Danan: The Jungle Fighter is an action/platform-adventure game for the Sega Master System in Brazil and Europe in 1990. The name is taken from a fictional character, Danan, set in an unknown wooded civilization.

Gameplay
The game borrows elements from multiple game genres, such as hack 'n slash action, vertical and horizontal platforming; non-linear level designs; an elaborate plot mostly untangled by talking to NPCs; item collection, summons (animal aid); levelling up. Although it contains some action-adventure and action role-playing video game mechanics, the emphasis falls more heavily on action and platforming. The player can walk, jump, duck, climb stairs, enter doors and thrust his knife into enemies.
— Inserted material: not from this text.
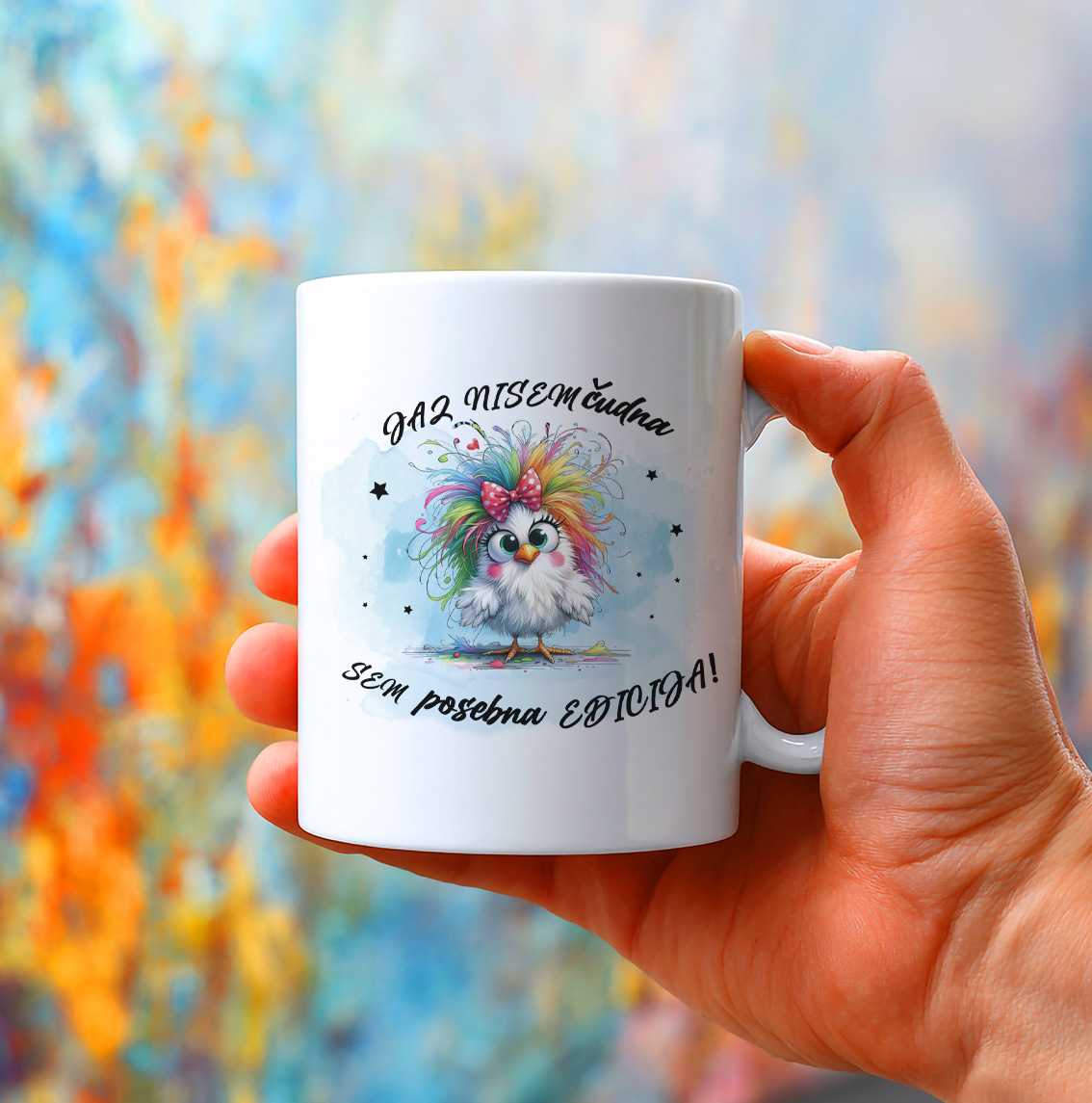 Keramična šalica s prelepo grafiko belega ptička z barvanimi dolgimi lasmi, rdečo mašnico in nedolžnim, ljubkim pogledom, ter napisom "JAZ NISEM ČUDNA SEM POSEBNA EDICIJA". Vsak požirek kave, čaja ali kakava postane trenutek nežne samoironije in pozitivnih vibracij! Motiv je idealen za vse, ki svojo edinstvenost praznujejo z nasmehom.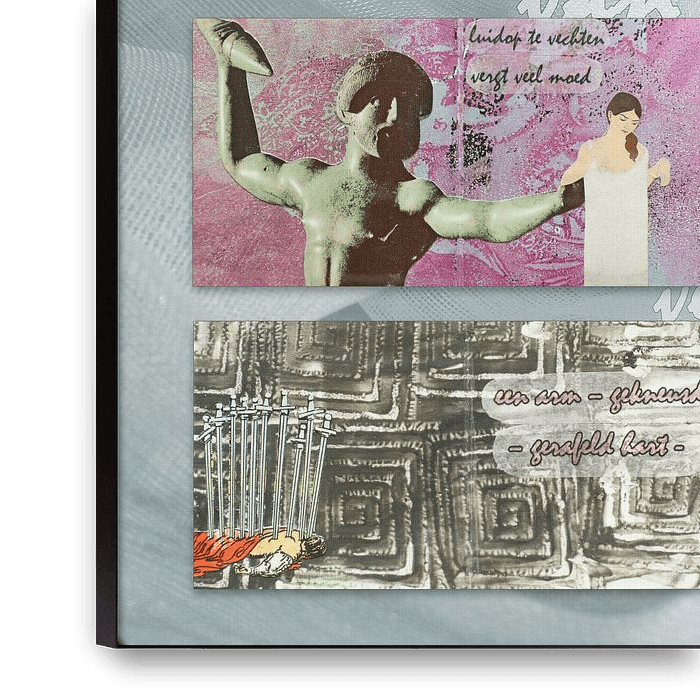 Nennen Sie es Mixed Media, nennen Sie es Collagen: Was ich mache, ist das, was die Arbeit selbst verlangt. Manchmal viele Bilder, manchmal gezeichnet und koloriert, manchmal ein Hintergrund aus Aquarellfarben, manchmal aus Gelli-Drucken, manchmal mit Schablonen, manchmal mit Text. Manchmal ist eine Farbe der Ausgangspunkt, manchmal ein bestimmtes Bild, manchmal ein Text, eine Geschichte oder einfach das Bedürfnis, Motive zu färben oder sogar Nadel und Faden zu benutzen. So…

The game is divided into four relatively nonlinear "rounds". The player character Danan must sometimes enter houses, through ladders inside he can enter the doors on the top floor, which is required to reach the higher plateaus and to advance further in particular areas. Exploration (caverns, sideways, ...) rewards the player with extra power-ups, most non-essential (exception: upgraded knives). In contrast to games like Metroid, previously inaccessible areas are not available to backtrack to after powering up. Especially in the third maze-like round, the timer - which at the beginning of each round is set to 100 seconds, though 30 seconds can be added by picking up a clock symbol - regularly encourages the player to take the fastest road to an end level boss.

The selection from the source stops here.